斗笠下的眼睛扫过城头的卫兵。那些卫兵腰间的佩刀,赫然是魔月军坊的样式,只是换了块苍古的徽章。一个幽冥猎手对着同伴低语,声音像冰碴子:“绝帝说,三日后,让苍古的早朝,奏本上只能有‘遵旨’二字。”
风卷着紫雾掠过两国边境的界碑,碑上“苍古”二字已经被风雨磨得浅淡,底下却新刻了行小字,被青苔遮着,细看竟是“魔月暗域”。卖花老妪的康乃馨谢了一地,她数着飘落的花瓣,数到第七片时,终于想起——二十年前,就是这样的雾天,她儿子穿着苍古的军服,被“自己人”从背后捅了一刀,尸身至今没找着。
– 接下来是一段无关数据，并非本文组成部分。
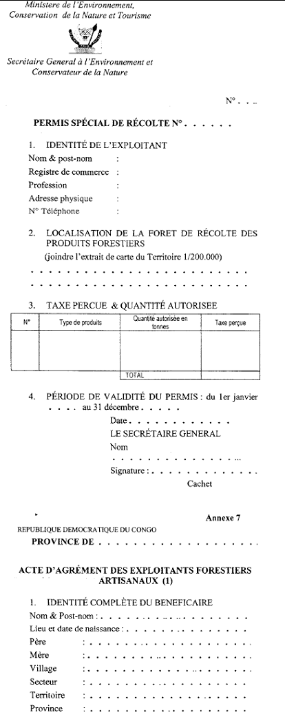 7.      Acte d'agrément d'exploitant forestier artisanal,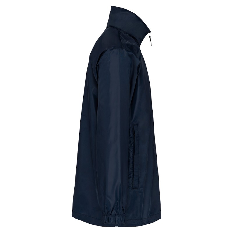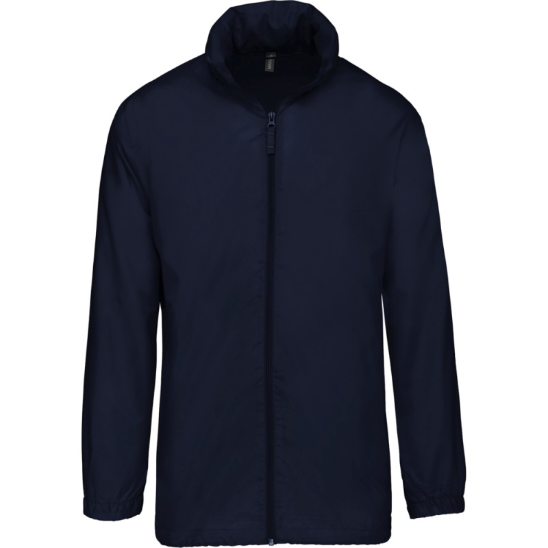 100% polyester. Capuche dans le col avec patte auto-agrippante. 2 poches zippées devant. Cordon de serrage au bas. Bas de manches élastiqués. Repliable dans sa poche sur la base du système K-WAY®. Fermeture zippée ton sur ton.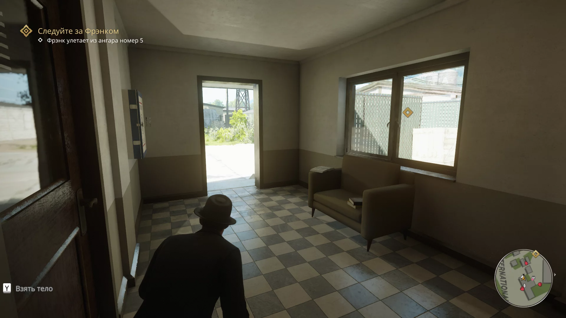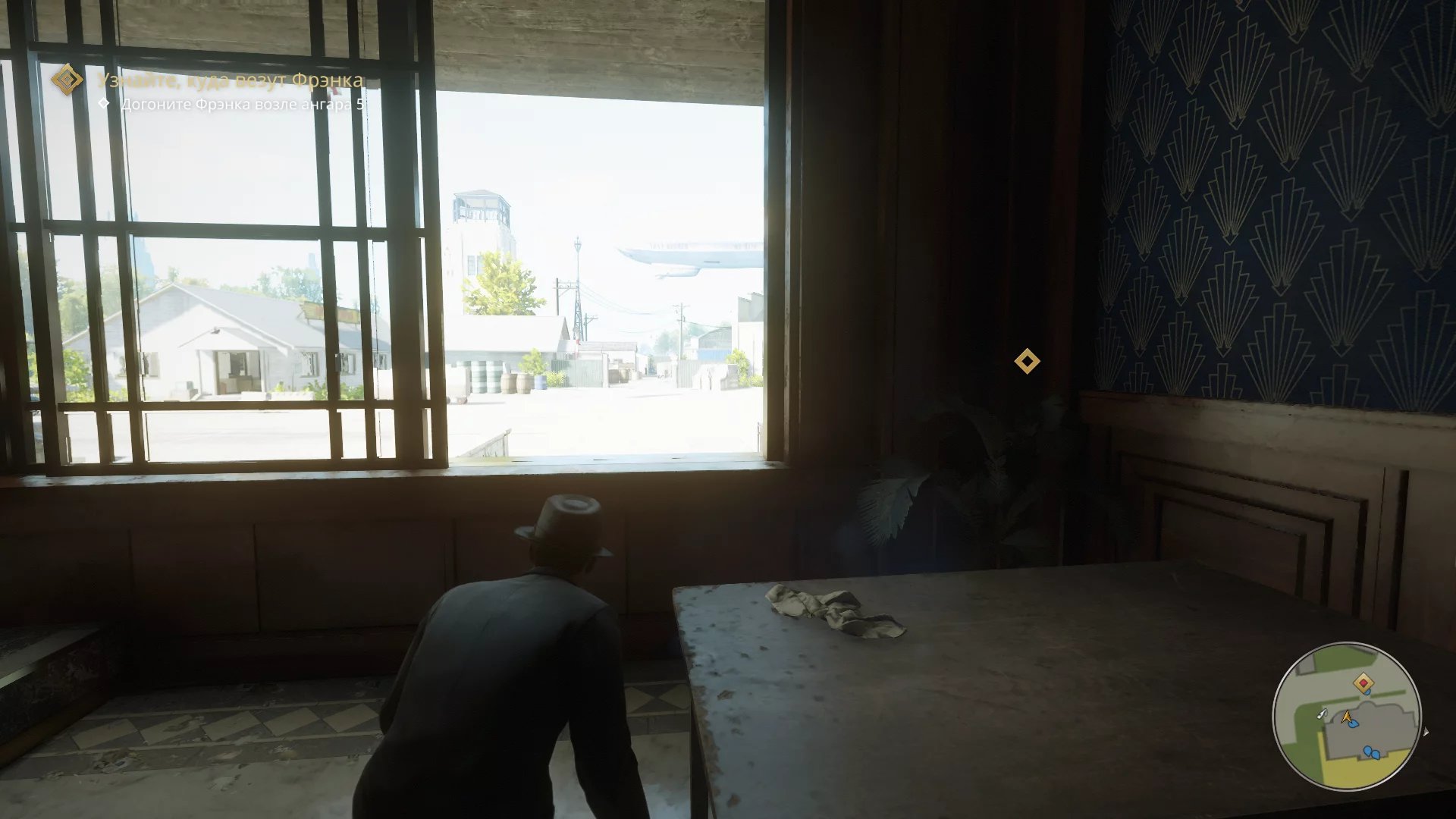 На столе читаем записку и узнаем про 5 ангар. Проходим за спиной агента и выбираемся в открытое окно. Ждем пока уедет зеленая машина и уйдут оставшиеся агенты. Идем в сторону ангара.

绝帝坐在紫宸殿的蟠龙椅上,指尖轻叩着扶手上的玉纹,目光扫过阶下垂首的群臣,像在审视棋盘上的棋子。那些敢抬眼与他对视的,不出三日便会被寻个由头贬斥边疆——他最厌棋子妄图跳出棋盘,正如厌恶衣袖沾染的尘埃,拂去时连眉头都懒得皱一下。
但当户部尚书捧着赈灾策论上前,字字句句皆是民生疾苦时,他却罕见地放缓了语气:“准了。粮草从内库调,不够就动我的私藏。”那尚书鬓角染霜,背微驼,却敢在他面前直言“赋税过重”,绝帝虽嫌其锋芒刺眼,却也明白,这副脊梁骨,是撑着帝国粮仓的顶梁柱,动不得。